The union was especially pleased to see the minimum wage will move to $20 per hour by 2021.


"Business leaders often say the main thing they need is certainty. This announcement gives them that certainty and now they need to start factoring in significant wage increases for all their workers over the next three years."

Reid added that the era of 2 per cent a year wage offers was over and employers would need to be looking at annual increases of about 8 per cent to stay at or ahead of minimum wage rises.

"Our reading of the coalition agreement on employment relations is that Labour's election policy remains either intact or is enhanced by NZ First and Greens policy."
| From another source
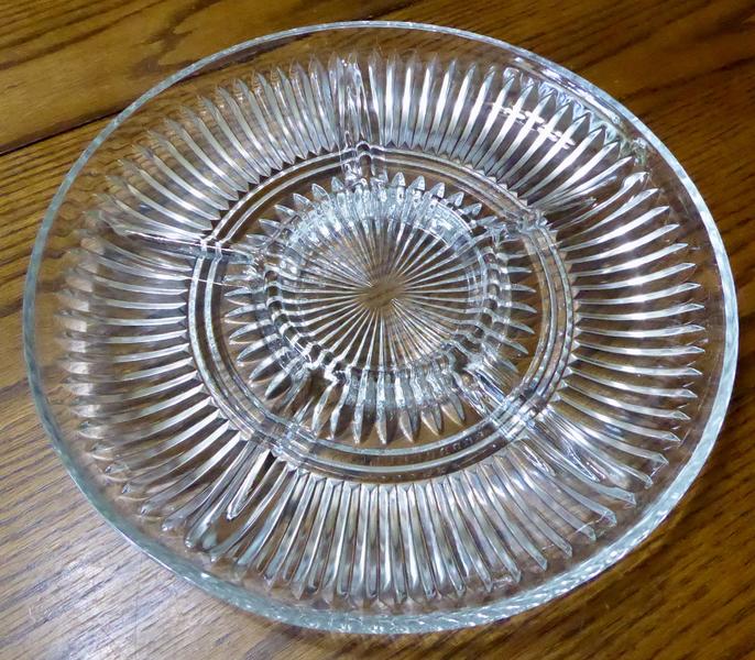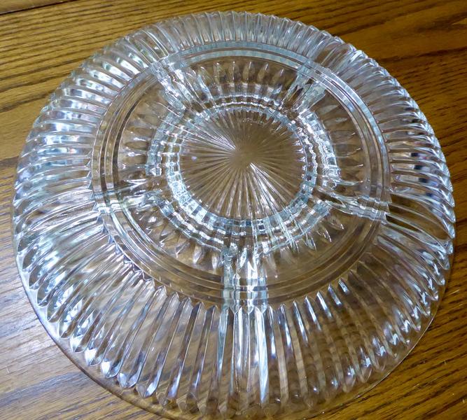 It has Five ( 5 ) very nice size sections to put all sorts of fun foods into for fun dinner parties etc…

Auckland Chamber of Commerce chief executive Michael Barnett said that the minimum wage rise was well signalled so should not be a surprise.

"What may be harder to manage will be the achievement of $20 by 2020 and the consequences. Will it put pressure on some SME's? Probably. But there is time to innovate and have technology play a better role or to have the market accept higher pricing on some products and services."

Barnett said a feasibility study of moving Ports of Auckland "was a good compromise".
However, he warned that the shift north would be a "costly move away from most clients as opposed to being in reasonable proximity to them".

He said the "elephant in the room" has to be infrastructure and funding.

"The funding model to date had delivered a shortage in housing and investment in a timely way for infrastructure ... driven by local Government has led to a deficit in investment and the regions in 'catch up' - it's time for central government to take control."

Truckers say road funding was now a lolly scramble

Road Transport Forum chief executive Ken Shirley said the agreement between Labour and the Greens directly threatened the integrity of the National Land Transport Fund.

"Prioritising use of the NLTF towards rail infrastructure, cycling and walking shows contempt for the user-pays integrity of the fund," said Shirley.

The fund was currently ring-fenced for roading projects and paid for by road users through petrol excise and road user charges.

"Unless Labour and the Greens have plans to start making rail users and cyclists contribute to the fund then this deal is a real kick in the teeth to motorists and the road transport industry," said Shirley

"The reason why trucking operators accept the high level of road user charges is due to the direct relationship the fund has to the provision and maintenance of our roading network. Using it as a slush fund to pay for other transport modes will breed a high level of resentment."

If the new Government wanted to expand the fund to other modes then it should investigate the feasibility of other modes contributing to it.

"For instance, there is no reason why KiwiRail and other rail users should not pay 'rail user charges' to maintain and develop the rail network. To do otherwise is cross-subsidisation."

The forum was also looking forward to future announcements regarding an alternative to the East-West Link now that the project has been cancelled by this deal.

"The congestion problem around Onehunga and Penrose won't just disappear," says Shirley.